Called about some bundles of Slabwood on craigslist. The seller claimed once CSS it would come out to 3/4 of a cord per bundle. The bundles were 40.00 a piece and he charged 40.00 for delivery, which came out to 120.00. Well the bundles so far seem alot less than 3/4 of a cord and what a pain in the ass! I have never dealt with Slabwood and figured 1.5 cords for the shoulder seasons would be nice. I get seasoned red oak from my bil for 125 a cord and I just have to stack it. So no more Slabwood. There's alot of dead trees on our property and I have the tractor and saws and I recenty bought a Military trailer but just don't have the time to get out there. Had to vent some. Most of the slabs seem to dry quickly so I guess it's better than burning my prime wood for the shoulder seasons. Even then, unless the Slabwood is free or close, no more.


----------



## Danno77 (Jul 16, 2011)

How much do you think you got when it's all said and done?


----------



## smokinj (Jul 16, 2011)

Save that slab wood for Jan. You want to talk about a HOT FIRE!  :cheese: And the coldest of days.


----------



## Bigg_Redd (Jul 16, 2011)

WTF is "slab wood"?


----------



## smokinj (Jul 16, 2011)

Bigg_Redd said:
			
		

> WTF is "slab wood"?



Miling ends and crap that didnt make the grade.


----------



## laynes69 (Jul 16, 2011)

I'm figuring at least a face cord short, but it hard to tell because I'm trying to keep it at 18" length. The larger stuff I'm splitting pretty small so it drys fast. Theres some beech, oak, cherry and maple so it's good wood there. He said next time I could get 2 bundles delivered for 100.00 but for 25 dollars more I don't have to cut or split it and I get cordwood instead. I just need to make time I guess.


----------



## smokinj (Jul 16, 2011)

laynes69 said:
			
		

> I'm figuring at least a face cord short, but it hard to tell because I'm trying to keep it at 18" length. The larger stuff I'm splitting pretty small so it drys fast. Theres some beech, oak, cherry and maple so it's good wood there. He said next time I could get 2 bundles delivered for 100.00 but for 25 dollars more I don't have to cut or split it and I get cordwood instead. I just need to make time I guess.
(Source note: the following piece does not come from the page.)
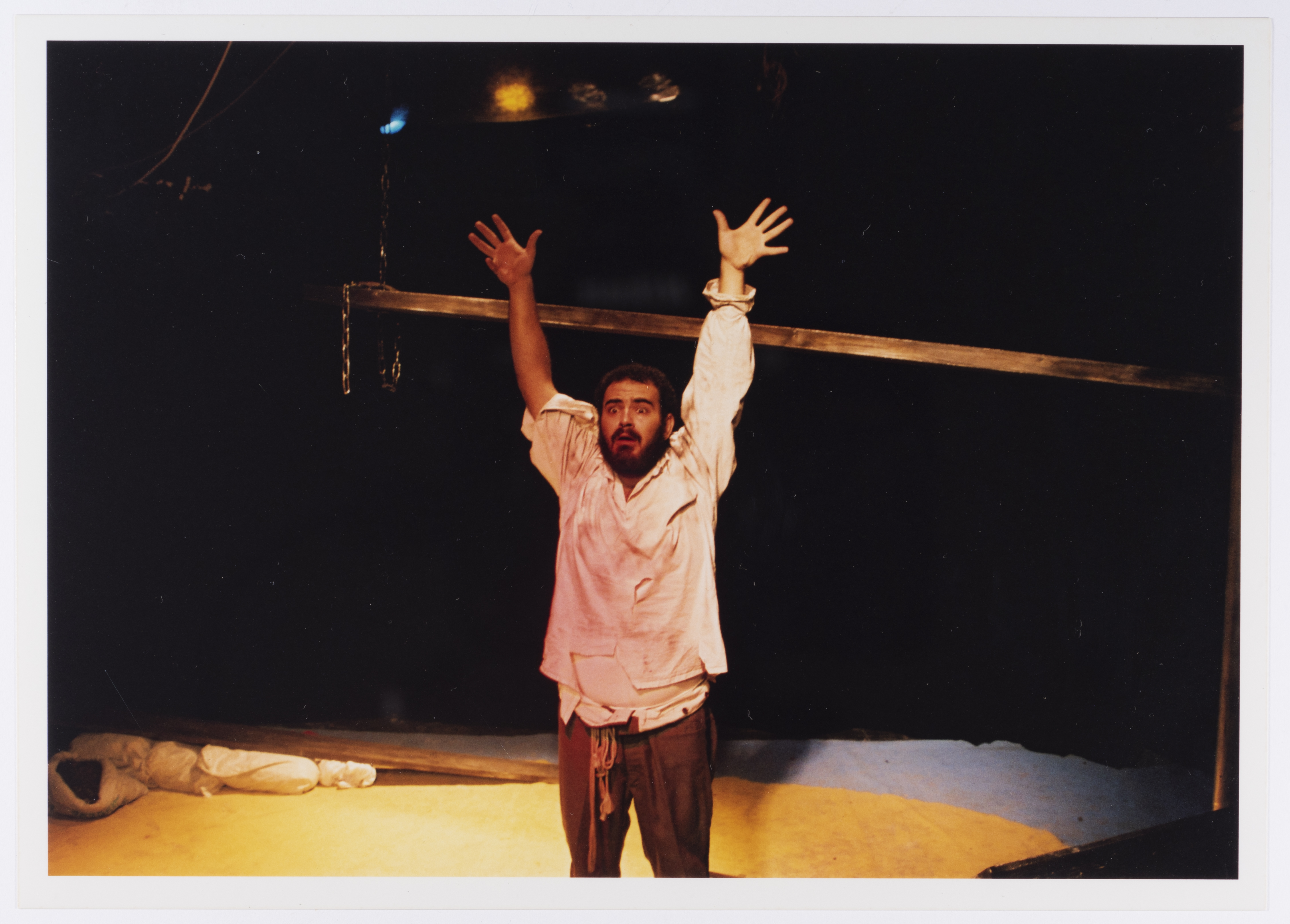 A photograph of Palestinian playwright, actor, and director Amer Hlehel on stage during the theatrical performance of one of his own plays titled "Diab".

Lee let me on the that little tidbit last Jan. Under 10 degrees out and winds blowing 25+ Its a Hot Hot Blaze Just mix it in as need be but its about like NOS on a car.  ;-)


----------



## Bigg_Redd (Jul 16, 2011)

smokinjay said:
			
		

> Bigg_Redd said:
> 
> 
> 
> ...



Here in God's country we call those mill ends and rejects


----------



## smokinj (Jul 16, 2011)

Bigg_Redd said:
			
		

> smokinjay said:
> 
> 
> 
> ...



lol Mill ends would be more of the longer frist and last run on a log, but that doesnt mean you will not get ends in there....Usally 8 foot and up that needs to be broken down.


----------



## Backwoods Savage (Jul 16, 2011)

Slabwood is not for everyone for sure and I don't like to see people using only slabwood for their stoves. Mixing it with other wood is better. Cutting it up can be a bit tedious but not really all that bad. But in the end, you get so much more for your dollars by buying regular sized firewood.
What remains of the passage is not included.